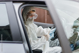 Man in protective suit, mask and gloves washing and disinfection of the steering wheel in the car, prevent infection of Covid-19 virus, contamination of germs or bacteria. Concept coronavirus pandemic
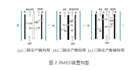 bpm與aem、cem組成的bmed的裝置構(gòu)型從簡(jiǎn)單的二隔室發(fā)展為三隔室,由b-c-b或者b-a-b組合成的二隔室和由b-a-c-b構(gòu)成的三隔室bmed。見(jiàn)圖 2。
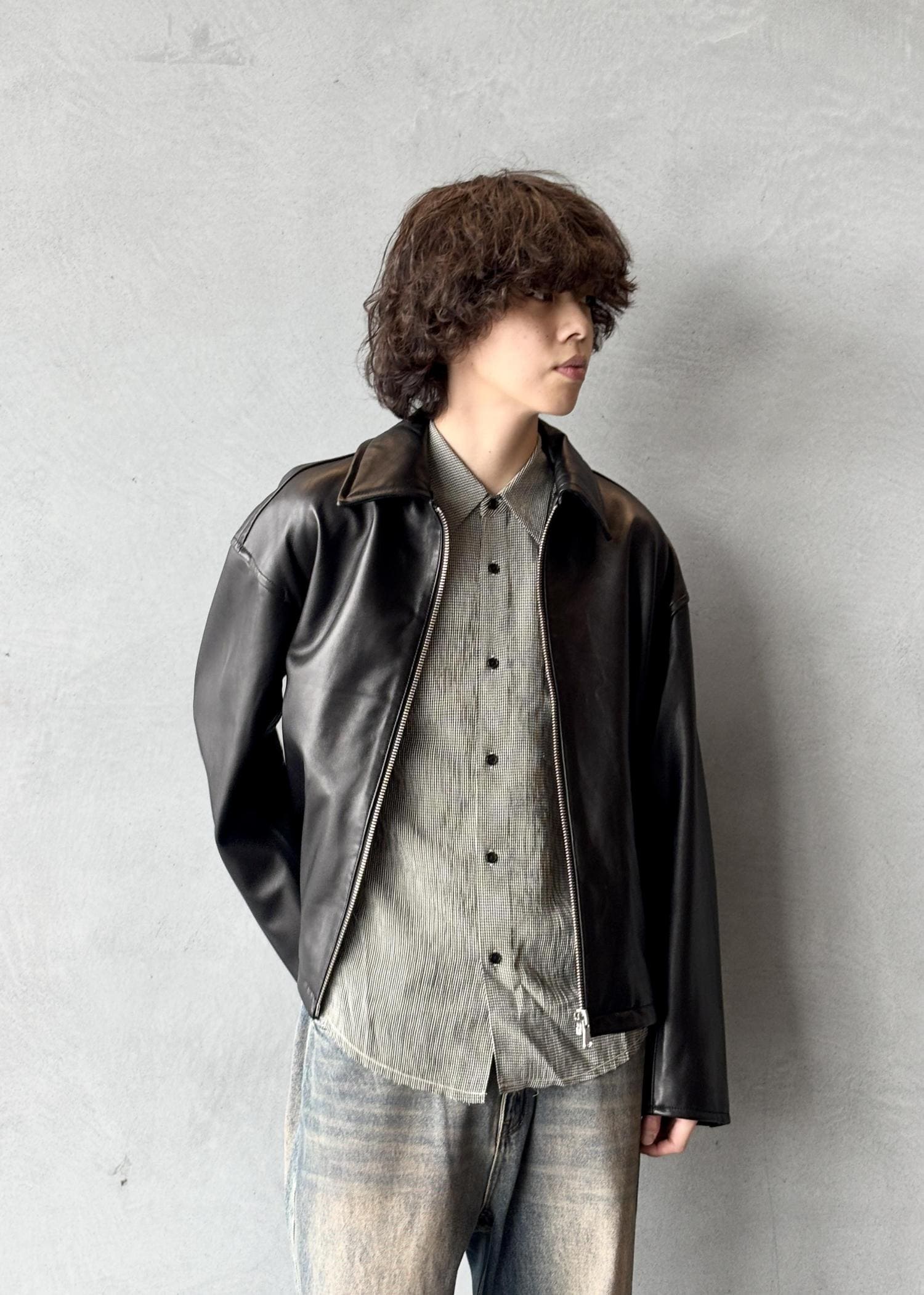 アウターはオリジナルのラムレザージャケット。
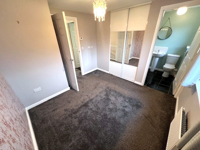 The accommodation comprises a bright lounge, contemporary kitchen with dining space and patio doors leading to the rear garden, downstairs WC, and a stylish family bathroom. The master bedroom benefits from an en-suite shower room, with two further well-proportioned bedrooms.
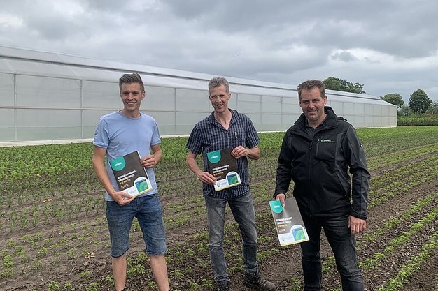 Pilotleider Arno Engels heeft de eerste exemplaren van de leidraad 'Weerbaar en nagenoeg emissieloos kweken in de praktijk' uitgereikt aan Ruben Gommers (links) en Maarten van Overbeek (rechts) tijdens de Techniekdag Boomteelt 2025, afgelopen donderdag bij Boomkwekerij Dams en Boomkwekerij Jos Willemsen en Zoon in Zundert.

----------------------------------------

▸ **What to do**
Every entry must be transcribed exactly. Pictures do not belong in the copy.

▸ **Solved problem**
 Man in protective suit, mask and gloves washing and disinfection of the steering wheel in the car, prevent infection of Covid-19 virus, contamination of germs or bacteria. Concept coronavirus pandemic
 bpm與aem、cem組成的bmed的裝置構(gòu)型從簡(jiǎn)單的二隔室發(fā)展為三隔室,由b-c-b或者b-a-b組合成的二隔室和由b-a-c-b構(gòu)成的三隔室bmed。見(jiàn)圖 2。
 アウターはオリジナルのラムレザージャケット。
 The accommodation comprises a bright lounge, contemporary kitchen with dining space and patio doors leading to the rear garden, downstairs WC, and a stylish family bathroom. The master bedroom benefits from an en-suite shower room, with two further well-proportioned bedrooms.
 Pilotleider Arno Engels heeft de eerste exemplaren van de leidraad 'Weerbaar en nagenoeg emissieloos kweken in de praktijk' uitgereikt aan Ruben Gommers (links) en Maarten van Overbeek (rechts) tijdens de Techniekdag Boomteelt 2025, afgelopen donderdag bij Boomkwekerij Dams en Boomkwekerij Jos Willemsen en Zoon in Zundert.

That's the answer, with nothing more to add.